Return exactly the lines from the start of the records below through the line containing "白色、藍色、綠色登山鞋形徽章,登山鞋上有「天祥」字樣,推測為登山健行之紀念章。", both ends included, and leave out the pictures.

Data records
^^^^
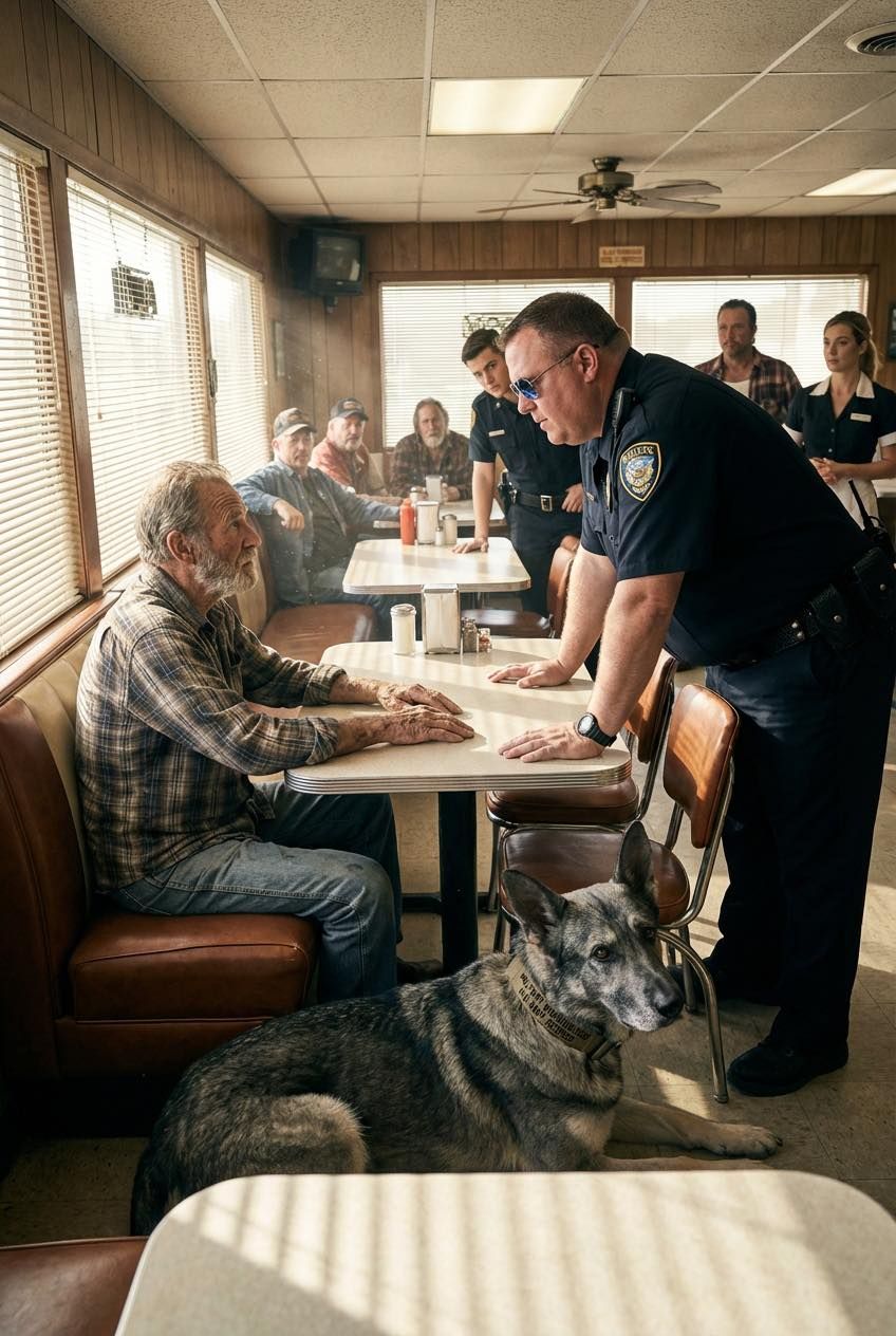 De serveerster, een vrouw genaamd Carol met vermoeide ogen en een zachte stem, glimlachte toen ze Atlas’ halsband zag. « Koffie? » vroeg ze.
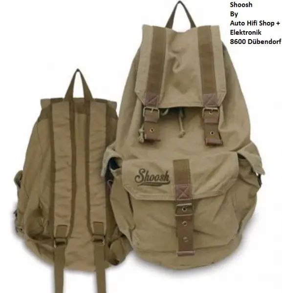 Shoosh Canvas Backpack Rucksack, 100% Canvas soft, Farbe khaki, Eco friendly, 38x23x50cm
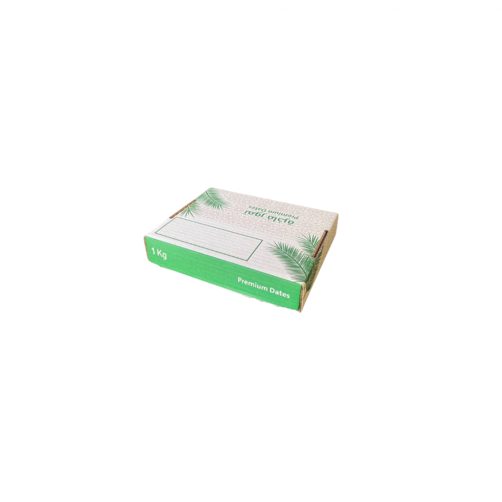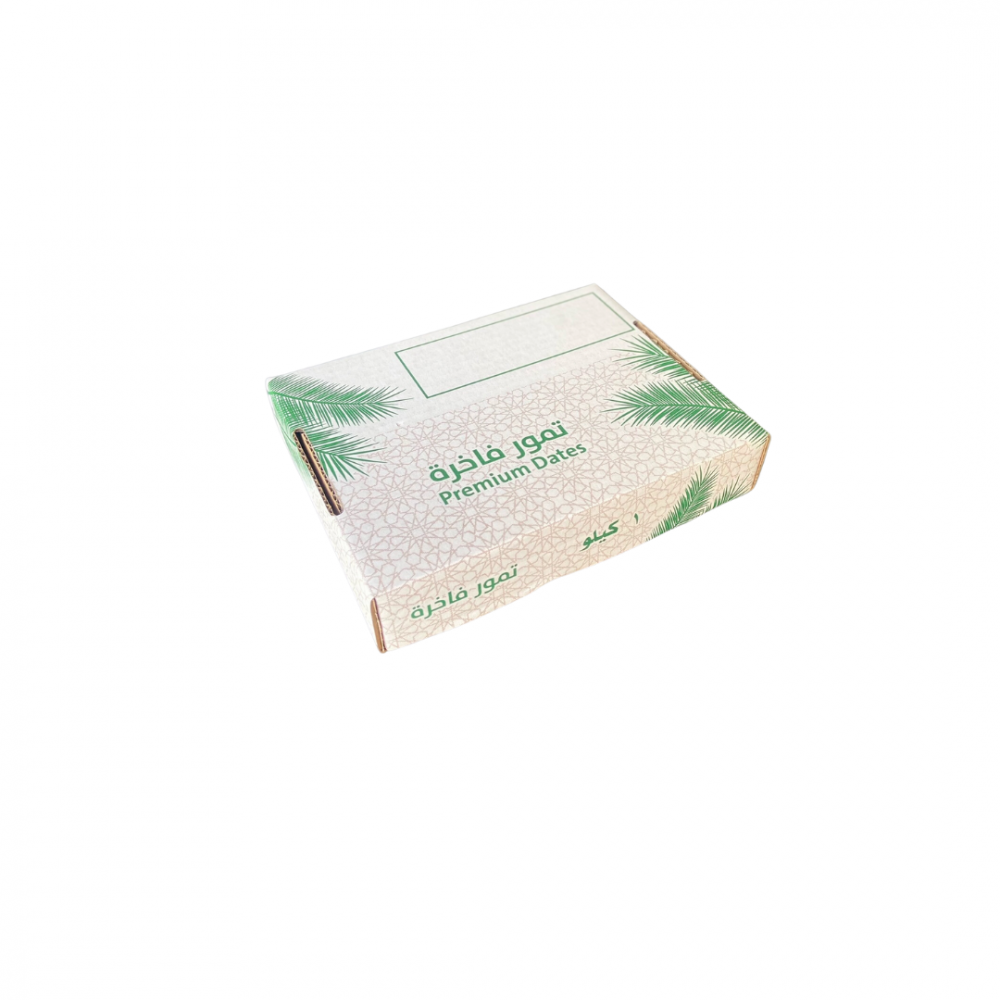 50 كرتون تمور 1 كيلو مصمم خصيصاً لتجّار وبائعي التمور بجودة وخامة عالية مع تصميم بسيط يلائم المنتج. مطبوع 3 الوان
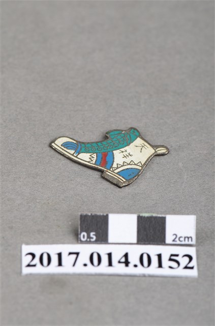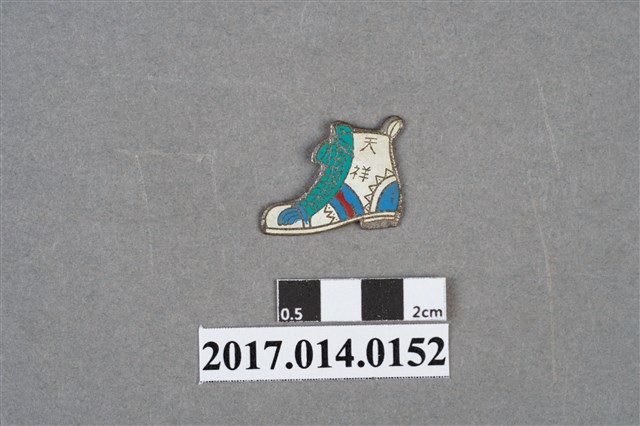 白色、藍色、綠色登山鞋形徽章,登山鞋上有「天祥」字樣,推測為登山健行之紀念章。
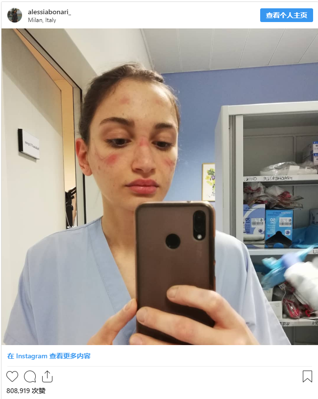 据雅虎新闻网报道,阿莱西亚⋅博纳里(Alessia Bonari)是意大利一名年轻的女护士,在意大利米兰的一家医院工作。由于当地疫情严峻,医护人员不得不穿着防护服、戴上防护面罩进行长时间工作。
^^^^
▶ [Answer to this exercise]:
 De serveerster, een vrouw genaamd Carol met vermoeide ogen en een zachte stem, glimlachte toen ze Atlas’ halsband zag. « Koffie? » vroeg ze.
 Shoosh Canvas Backpack Rucksack, 100% Canvas soft, Farbe khaki, Eco friendly, 38x23x50cm
 50 كرتون تمور 1 كيلو مصمم خصيصاً لتجّار وبائعي التمور بجودة وخامة عالية مع تصميم بسيط يلائم المنتج. مطبوع 3 الوان
 白色、藍色、綠色登山鞋形徽章,登山鞋上有「天祥」字樣,推測為登山健行之紀念章。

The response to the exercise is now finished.